The law of conservation of momentum states that in an isolated system the total momentum is constant. This law works also during perfectly inelastic collision.

$\vec{p_1}+\vec{p_2}=\vec{p}$

$$\vec{p_1}$$ ... the momentum vector of the bullet before the collision

$$\vec{p_2}$$ ... the momentum vector of the pendulum before the collision

$$\vec{p}$$ ... the momentum vector of the pendulum-bullet system immediately after the collision

$m\vec{v_1}+M\vec{v_2}=(m+M)\vec{v}$

The pendulum is at rest before the collision, $$v_2 = 0$$:

$m\vec{v_1}=(m+M)\vec{v}$

Vectors $$\vec{v_1}$$ and $$\vec{v }$$ are collinear and so we can rewrite the equation with scalar values (without vectors):

$mv_1=(m+M)v$ $v=\frac{mv_1}{m+M}\tag{2}$

During a perfectly inelastic collision part of the kinetic energy converts into internal energies of the bullet and the pendulum. Thus, we can not use the law of conservation of energy in comparing the situations before (1) and after (2) the collision. After the bullet has lodged in the pendulum, the energy is conserved (neglecting air resistance). Compare energies at the moment immediately before the collision (2) and at the moment the pendulum reaches the maximum deflection (3).
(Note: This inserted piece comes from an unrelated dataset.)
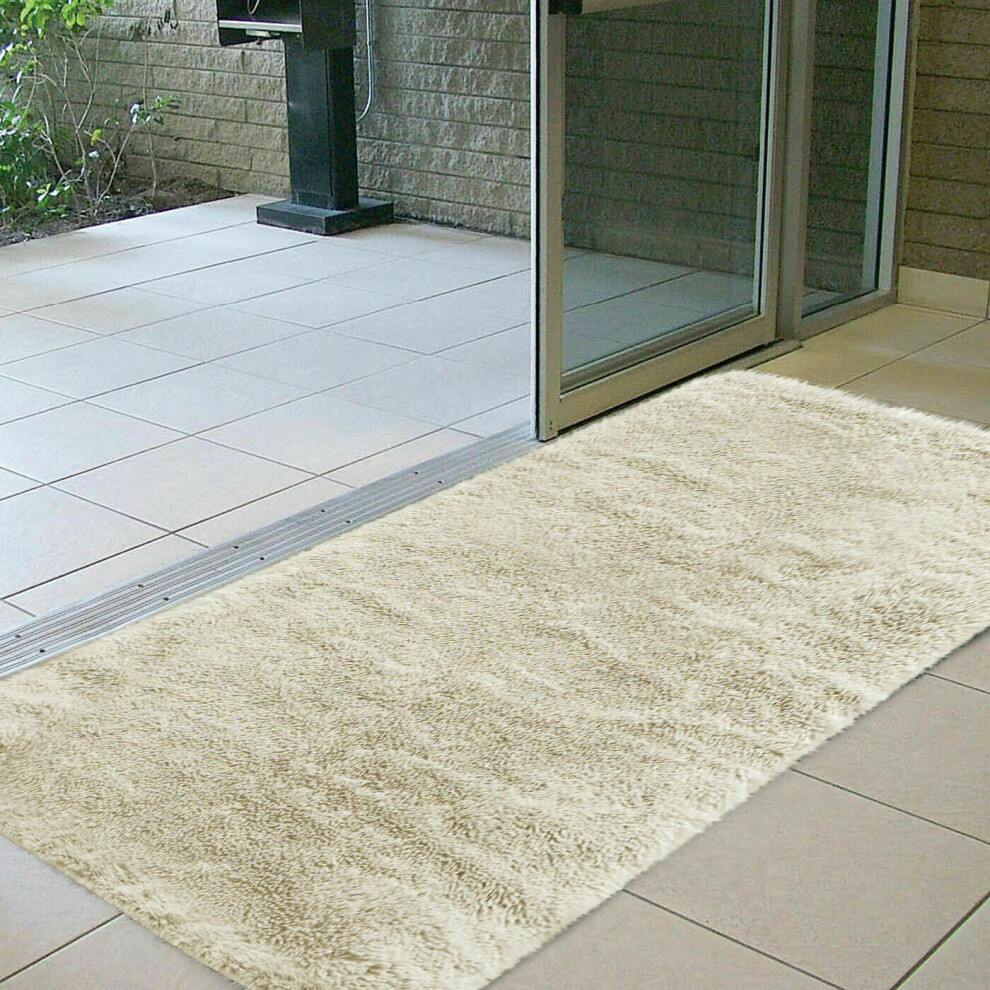 (Cream, 80cm x 150 cm (2ft 6" x 5ft)) Non Slip Rugs Soft Shaggy Area Rugs Runner Bath & Door Mats
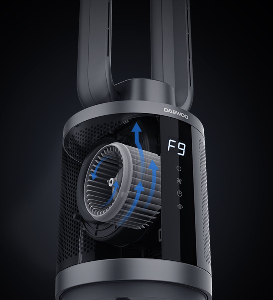 Quạt không cánh DAEWOO F9 MAX NEW MODE 2021 một trang bị hiện đại giúp cải thiện chất lượng không khí, mang đến luồng gió mát tự nhiên, liên tục cho không gian gia đình bạn.

The law of conservation of mechanical energy:

The total amount of mechanical energy in a closed system remains constant over time, or the sum of potential energy and kinetic energy is constant.
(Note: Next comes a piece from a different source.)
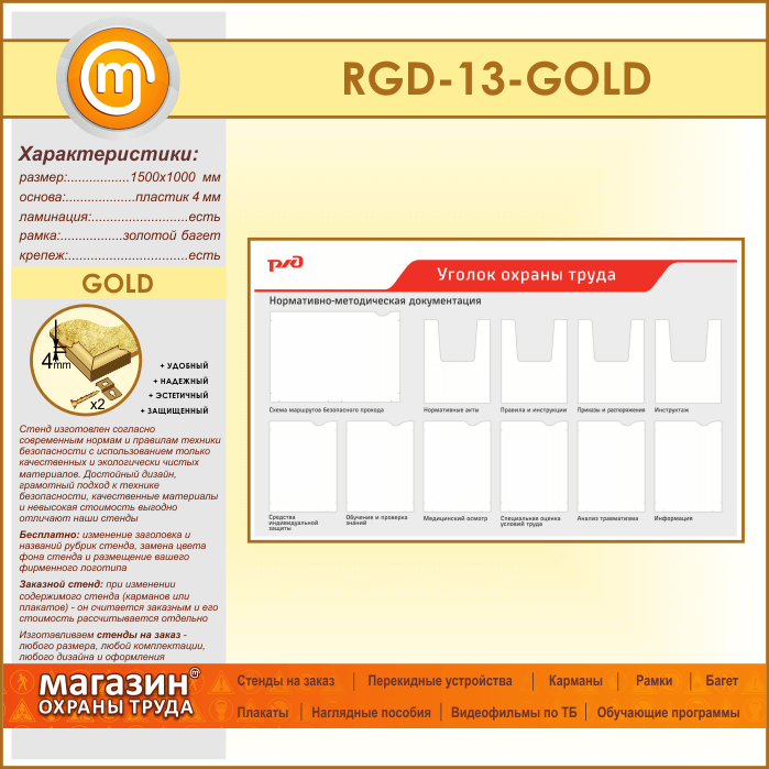 Стенд «Уголок охраны труда» с 1 плоским карманом А3 формата, 6 плоскими и 4 объемными карманами А4 формата (RGD-13-GOLD) в Верее купить
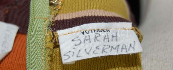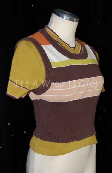 Description: A lot of costume elements featured in both part of the “Future’s End”; wherein “Voyager” is sent back to the 20th century and finds that they must stop a man from that time from using a 29th century time-travelling ship to go into the future to acquire ‘new technologies’. The items in this lot were all worn by cult favorite comedienne Sarah Silverman and consist of a lime-green, short-sleeved, mid-riff shirt with brown and white stripes around the collar and cuffs; a sleeveless, brown sweater featuring a wide white inset across the chest and horizontal stripes corresponding with the shirt. Both items have a zip up the back and a sewn in tag that reads ‘Sarah Silverman’.

The zero level of potential energy is chosen in the situation 2.

$E_k=E_p$

$$E_k$$ ... kinetic energy of the bullet-pendulum system immediately after collision

$$E_p$$ ... potential energy of the bullet-pendulum system at the moment the pendulum reaches the maximum deflection

$\frac{1}{2}(m+M)v^2=(m+M)gh\tag{3}$

Insert the velocity v from equetion (2):

$\frac{1}{2}(m+M)\frac{m^2v_1^2}{(m+M)^2}=(m+M)gh$

We next express the desired initial velocity of the bullet v1 in terms of the other variables:

$v_1=\sqrt {2gh}(1+\frac{M}{m})$

Insert the height h from equation (1):

$v_1=\sqrt {2gL(1-\cos \alpha )}(1+\frac{M}{m})$

Note:

The law of conservation of energy for situations before and after the collision could be written as:

$E_{ks}=E_k+\Delta U$

$$E_{ks}$$ ... kinetic energy of the bullet before the collision

$$E_k$$ ... kinetic energy of the bullet-pendulum system immediately after the collision

$$\Delta U$$ ... the change in internal energy

$\frac{1}{2}mv_1^2=\frac{1}{2}(m+M)v^2+\Delta U$